I've also been looking at a kerosene stove for backup cooking, at one time had two hundred fifty gal of kerosene stored gotta start over now looking at setting up for a hundred gal, am also looking at building a solar oven, anyone recommend any good plans for one? I have a couple but would like more ideas.


----------



## LincTex (Apr 1, 2011)

In order of preference:

1) Wood. I have enough wood around me to cook 10,000 meals if using a "rocket stove". I keep a tea kettle of water on top of the wood-burning stove; I could use it for warming but not much cooking. I could build a wood burning cook stove in a pinch if needed.

2) Propane. A single 20 lb (grill size) bottle will cook meals at my house for a month at least. No need to go outside, like cooking with wood/rocket stove. 
Best saved for "rainy days" (and snowy days!)

3) Coleman camp stove and about 10 gallons of Coleman fuel.

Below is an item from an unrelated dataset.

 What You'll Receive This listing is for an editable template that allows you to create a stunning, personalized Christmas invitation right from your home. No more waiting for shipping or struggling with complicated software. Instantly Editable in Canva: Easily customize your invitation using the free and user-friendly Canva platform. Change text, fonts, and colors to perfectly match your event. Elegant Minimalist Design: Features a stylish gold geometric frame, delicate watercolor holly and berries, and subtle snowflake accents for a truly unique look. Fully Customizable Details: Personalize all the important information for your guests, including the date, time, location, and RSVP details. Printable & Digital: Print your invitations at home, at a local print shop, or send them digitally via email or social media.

I have it for "just in case" but never, ever use it.

Everything in what I typed can be bought pretty dang cheap if not for FREE. I see 20 lb grill bottles sell for $5-$10 all the time, and a small propane camp stove or table top grill is only $20-$30, or a *LOT* cheaper at garage sales. 

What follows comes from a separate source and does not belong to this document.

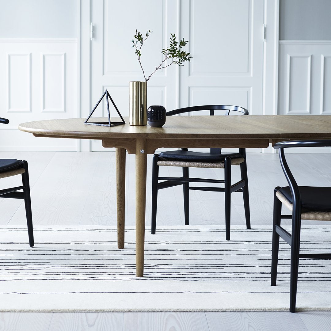The CH339 Dining Table comes with 1 supporting wooden leg and hardware for 2 leaves (sold separately), or with 4 supporting wooden legs and hardware for 4 leaves (sold separately).

I don't buy ANYTHING new (except the Coleman fuel). There are still plenty of deals to be had when you look around!


----------



## cowboyhermit (Nov 10, 2012)

Both of those look like they would work fine, no personal experience here, like you said that is not counting pricing. 
Have you considered alcohol? If I had to store fuel inside then that would be my first choice, no odor, huge selection of stoves from restaurant chafing pots to ultralight backpacking models, and of course you can make one very easily.
Alcohol is relatively safe in storage and has a virtually infinite shelf life if sealed. You can burn any kind of alcohol with sufficient purity. The only down side I can think of is that pure alcohol has an almost invisible flame.


----------



## jsriley5 (Sep 22, 2012)

Been like 30 years but I had a chemestry set once upon a time and it had a simple little alcohol burner in it. I n the instructions it suggested putting just a little of one of the chems in it to make the flame burn yellow so you could see it. Can't remember what that chem was but it only took a tiny amount. Seems you could look that up and resolve the clear flame issue. 

Sorry no knowledge of the items in the original OP question.


----------



## cowboyhermit (Nov 10, 2012)

To make alcohol flame more visible I know salt works but doesn't dissolve that great and can leave a residue. A couple drops of gasoline or coleman fuel works too but needs to be used cautiously. Have heard of borax but never tried it.
Hasn't really been an issue for me because I haven't used it for light and am usually pretty cautious when cooking.


----------



## jsriley5 (Sep 22, 2012)

Ya know the borax sounds familliar might be the one I used way back when. Wish I could say I really paid attention to any changes in deposits on test tubes and such but I didn't I probably would have if it had been really dirty though. And it wasn't stinky or fumey I do remember as I was in the house in a utility room with it.


----------